Tonight my son, Guy, said something so insightful, that I said, "I'm going to steal that." Which is what I like to say when someone says something particularly pithy. (Pithy is such a good word! You may steal it) He said, "Well, people are 3-D."
Isn't that exactly right?
Why is that so difficult to remember? I know I say things like...people have different sides, and a favorite of mine- you can't really know what goes on inside someone's home/relationship (very true). But tonight I think those sorts of adages are yet another way of dismissing the formation of true knowledge of others. If you can't really ever know someone else completely, if all people are actually multi-faceted and indeed, "multi-faced," then why put in the effort to understand them?
Meanwhile I can do a really nice pucker-up and lip-service acknowledgment of how everyone is different, blah blah blah. I want to really examine my own beliefs on this subject under the twirly fluorescent bulb that is my son. "People are 3-D."

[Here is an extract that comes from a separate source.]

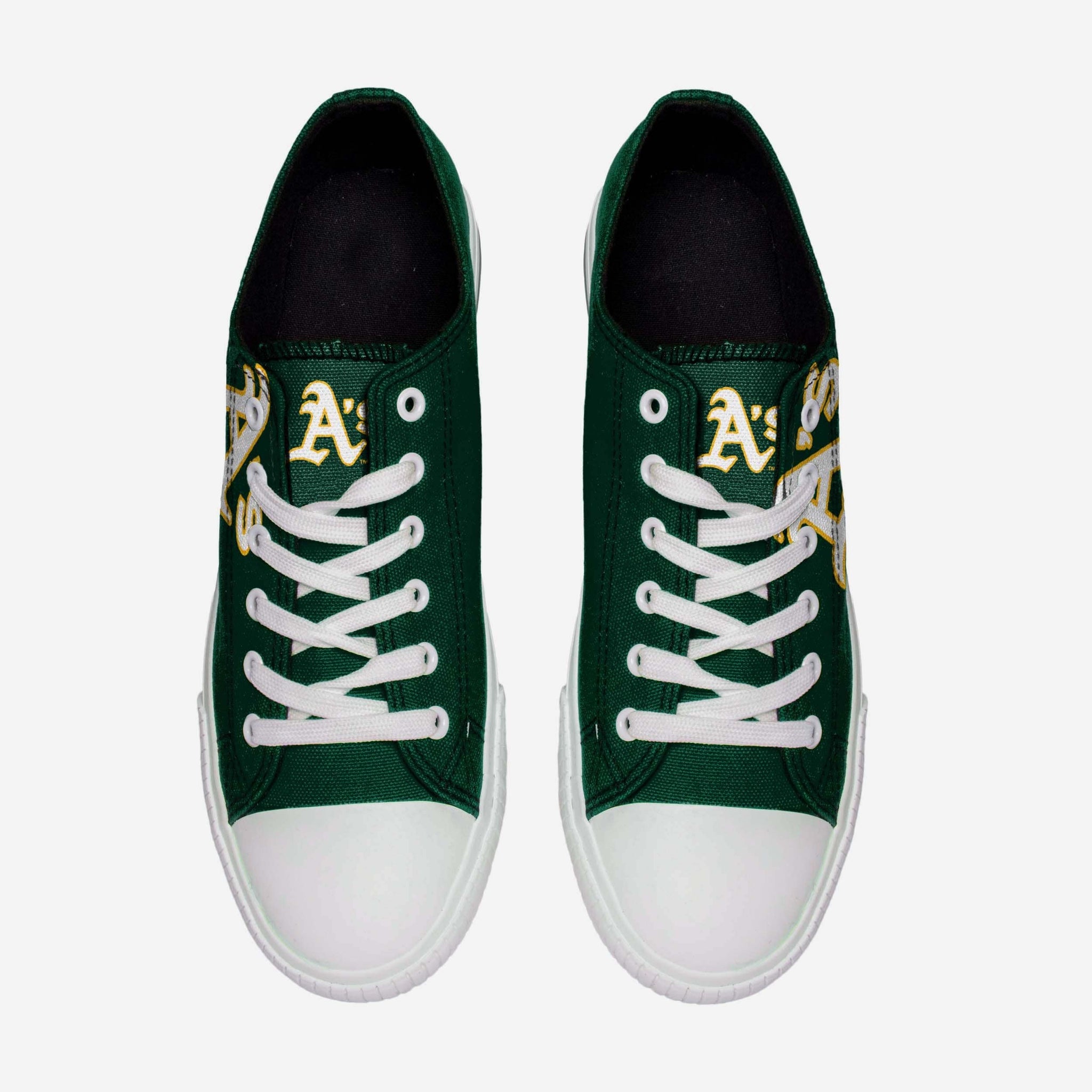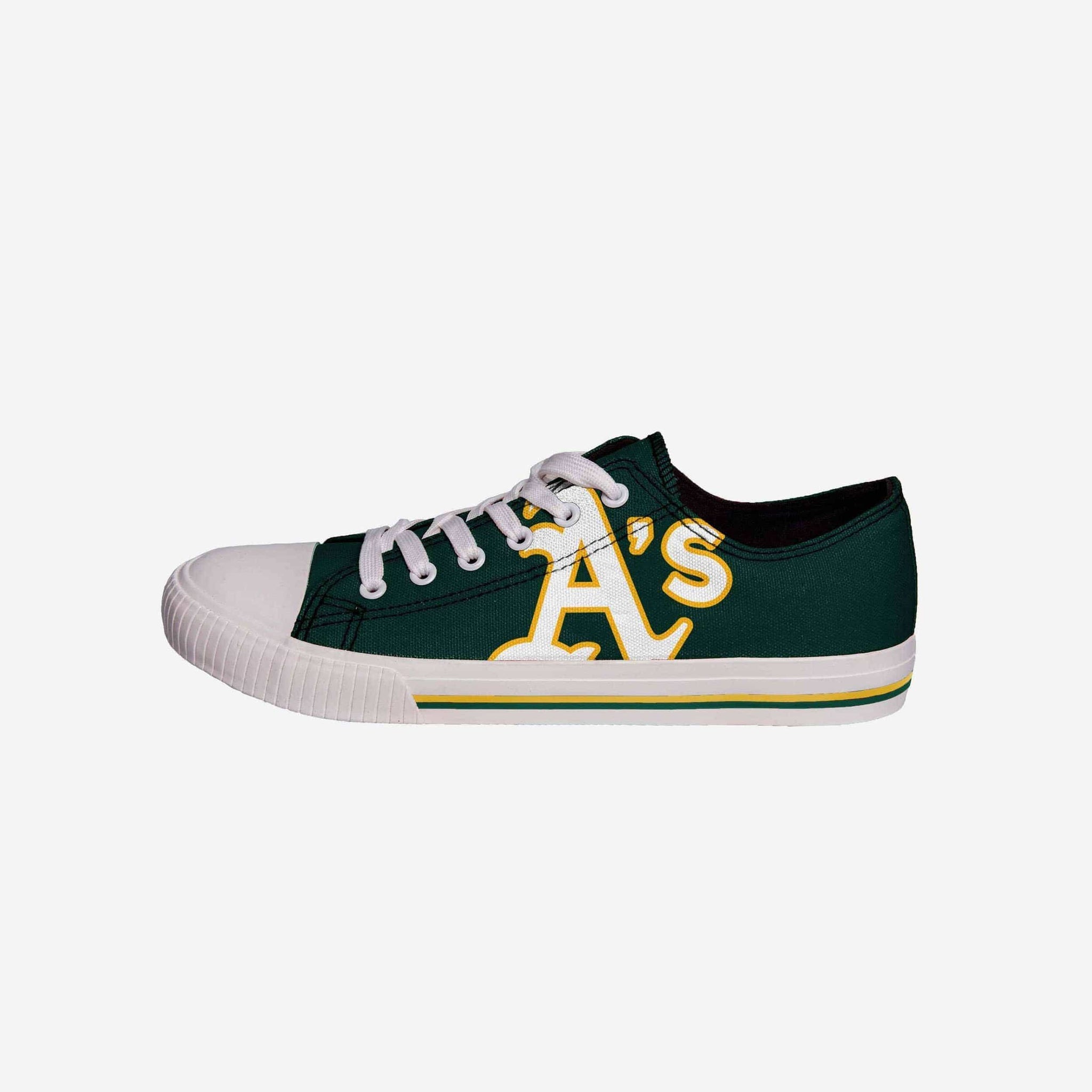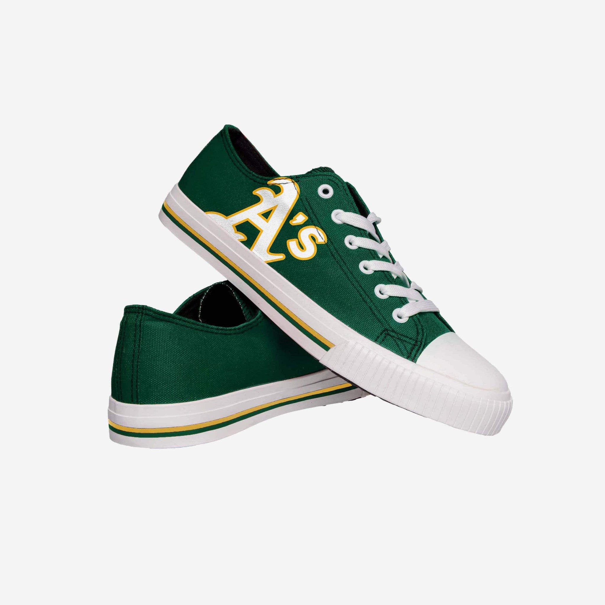 They always say to get your day started on the right foot. But if you're wearing these Oakland Athletics Men's Low Top Big Logo Canvas Shoes, that could be tough. Because they'll look so good that it'll be tough to tell which one is the WRONG foot.

What occurs to me about 2-D vs. 3-D is that in 2-D, you can only see what is presented to be seen. In three dimensions, you can see behind. You can see inside.
Under, over, around, on top of, slightly off plumb, whatever. Apply your favorite preposition to someone you love today!! Why does this seem so different to me than just saying people have different sides? Maybe because even a 2-D paper cut out has different sides. The back of a paper doll is equally as dull as the front. It means nothing to my hands that itch for texture and structure and things to wrap around.
Right now I'm thinking of my own body...things I think about it sometimes. Things I think about others, too. Too much flesh on my inner thigh, a scar under my eye, hairs that curl at the slightest bit of moisture all around my ears and stick out like a bad Einstein impression. I'm thinking about people...the almost endless subtleties of skin, moles, teeth, flesh, smiles, eyes, expressions, emotions, hands and arms and legs, talents, abilities, and stories- from the sparkling to the sad. Victims and amputees, fashion models, fresh-minted babies...and, the dying.
I want to know them all. For an instant or for a lifetime. Whatever fits. I want to tell them they are all perfect. Perfectly animate. Perfectly, beautifully, 3-D.
I may not ever fully understand them...maybe they don't want me to. But I can show others that I see them. YOU are here. I see YOU, and that fact Matters.